What changes are proposed in this pull request?

This updates the logic to resolve output table from the incoming LogicalPlan. It catches cases where there are too many data columns and throws an AnalysisException rather than silently dropping the extra data. It also improves the error message when there are too few columns and warns when the output columns appear to be out of order.
This combines the pre-insert casts for Hive's MetastoreRelation with the pre-insert cast and rename for LogicalRelations.
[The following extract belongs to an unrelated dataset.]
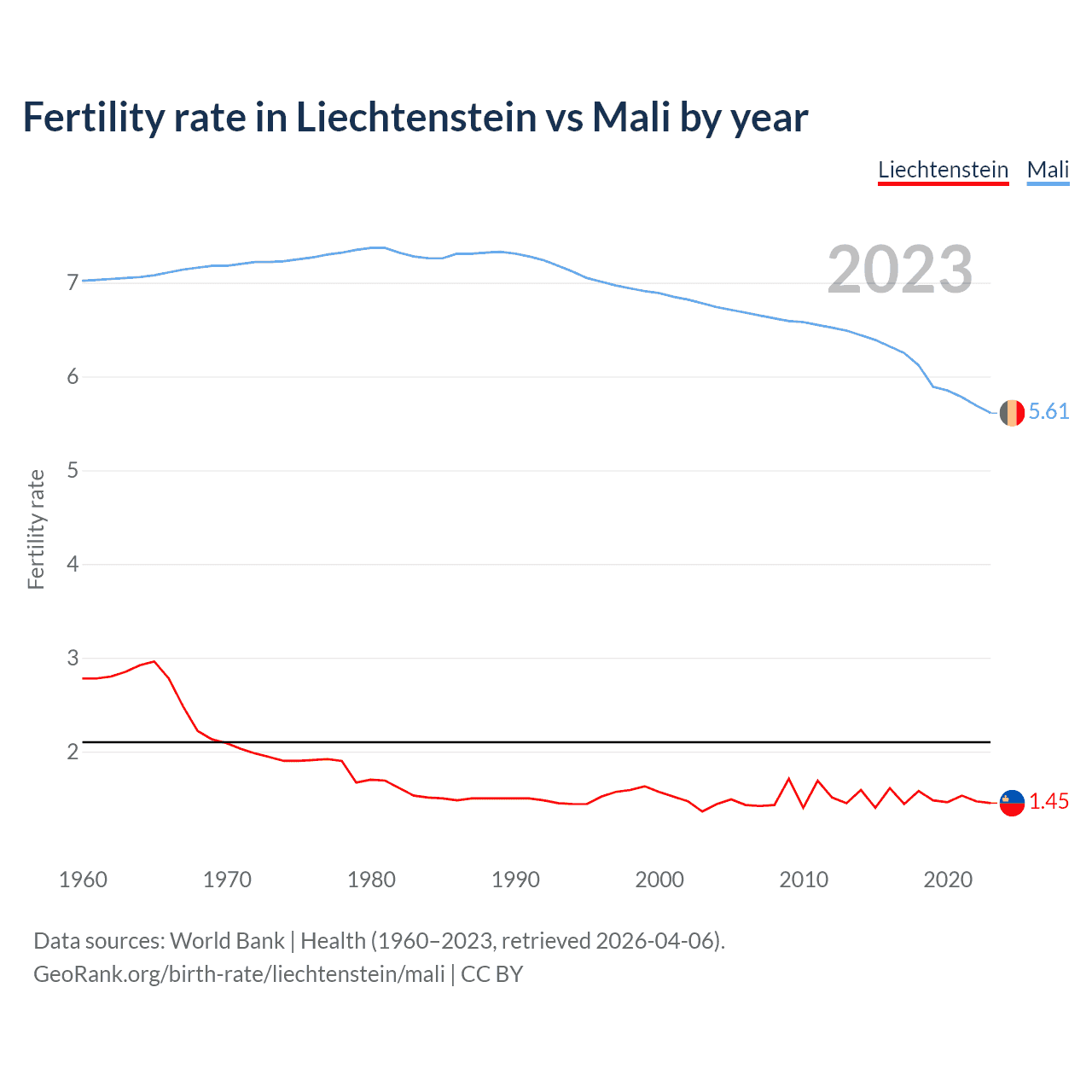 1960 vs 2023, the fertility rate has decreased by 47.8% in Liechtenstein and by 20% in Mali — in 1960, it was 2.78 and 7.02, respectively.

Both are now handled as a single ResolveOutputColumns step in the analyzer that implements the above improvements. ~~Casts are now UpCasts to avoid silently adding incorrect casts when columns are misaligned.~~ Casts are still somewhat unsafe and should be fixed in a follow-up PR.
This adds a by-name column resolution strategy that matches output columns to the incoming data by name. ~~This is exposed on the DataFrameWriter~~:

How was this patch tested?

This patch includes unit tests that exercise the cases outlined above.

SparkQA · 2016-04-12T01:32:53Z

Test build #55558 has finished for PR 12313 at commit c4c6820.

This patch fails Spark unit tests.
This patch merges cleanly.
This patch adds the following public classes (experimental):
- class ResolveOutputColumns extends Rule[LogicalPlan]

SparkQA · 2016-04-12T16:39:28Z

Test build #55616 has finished for PR 12313 at commit f2186e5.

This patch fails Spark unit tests.
This patch merges cleanly.
This patch adds the following public classes (experimental):
- class ResolveOutputColumns extends Rule[LogicalPlan]

SparkQA · 2016-04-19T19:34:56Z

Test build #56239 has finished for PR 12313 at commit c3e8561.

This patch fails Spark unit tests.
This patch does not merge cleanly.
This patch adds the following public classes (experimental):
- class ResolveOutputColumns extends Rule[LogicalPlan]

SparkQA · 2016-04-20T19:34:34Z

Test build #56386 has finished for PR 12313 at commit 0a6ec77.

This patch fails Spark unit tests.
This patch merges cleanly.
This patch adds no public classes.

SparkQA · 2016-04-20T22:57:09Z

Test build #56411 has finished for PR 12313 at commit 6c107ff.

This patch fails Spark unit tests.
This patch does not merge cleanly.
This patch adds no public classes.

SparkQA · 2016-04-21T22:52:10Z

Test build #56586 has finished for PR 12313 at commit fcacba5.

This patch fails Spark unit tests.
This patch does not merge cleanly.
This patch adds no public classes.

SparkQA · 2016-04-22T01:42:02Z

Test build #56605 has finished for PR 12313 at commit 7516ffd.

This patch fails Spark unit tests.
This patch does not merge cleanly.
This patch adds no public classes.

SparkQA · 2016-04-22T19:15:20Z

Test build #56708 has finished for PR 12313 at commit 42ff7b7.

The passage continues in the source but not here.